Leucostethus alacris
- Conservation status: Data Deficient (IUCN 3.1)

Scientific classification
- Kingdom: Animalia
- Phylum: Chordata
- Class: Amphibia
- Order: Anura
- Family: Dendrobatidae
- Genus: Leucostethus
- Species: L. alacris
- Binomial name: Leucostethus alacris (Rivero & Granados-Diaz, 1990)
- Synonyms: Colostethus alacris Rivero and Granados-Díaz, 1990;

= Leucostethus alacris =

- Authority: (Rivero & Granados-Diaz, 1990)
- Conservation status: DD
- Synonyms: Colostethus alacris Rivero and Granados-Díaz, 1990

Species of frog

Leucostethus alacris or the Finca Primavera rocket frog is a species of frog in the family Dendrobatidae. It is endemic to Colombia.

==Home==
This frog has been observed in the Cordillera Occidental portion of the Andes Mountains, about 1400 meters above sea level. They were found on the ground near streams in forests.
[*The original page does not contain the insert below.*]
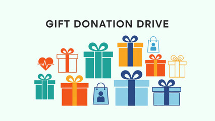 Colorful Gift Boxes in a Gift Donation Drive for Charity Awareness, Community Events, Fundraising Campaigns, and Nonprofit Initiatives

None were observed outside forest habitats.

This frog's range includes the protected area Parque Nacional Natural Munchique.

==Reproduction==
Scientists did not directly observe any female frogs laying eggs or any tadpoles, but they infer that this frog reproduces in the same manner as other rocket frogs: the female lays eggs on the ground, and, after the eggs hatch, the adults carry the tadpoles to water.

==Threats==
The IUCN classifies this frog as data deficient. It's precise threats are not known. However, scientists note ongoing habitat loss associated with logging, livestock cultivation, and illegal agriculture.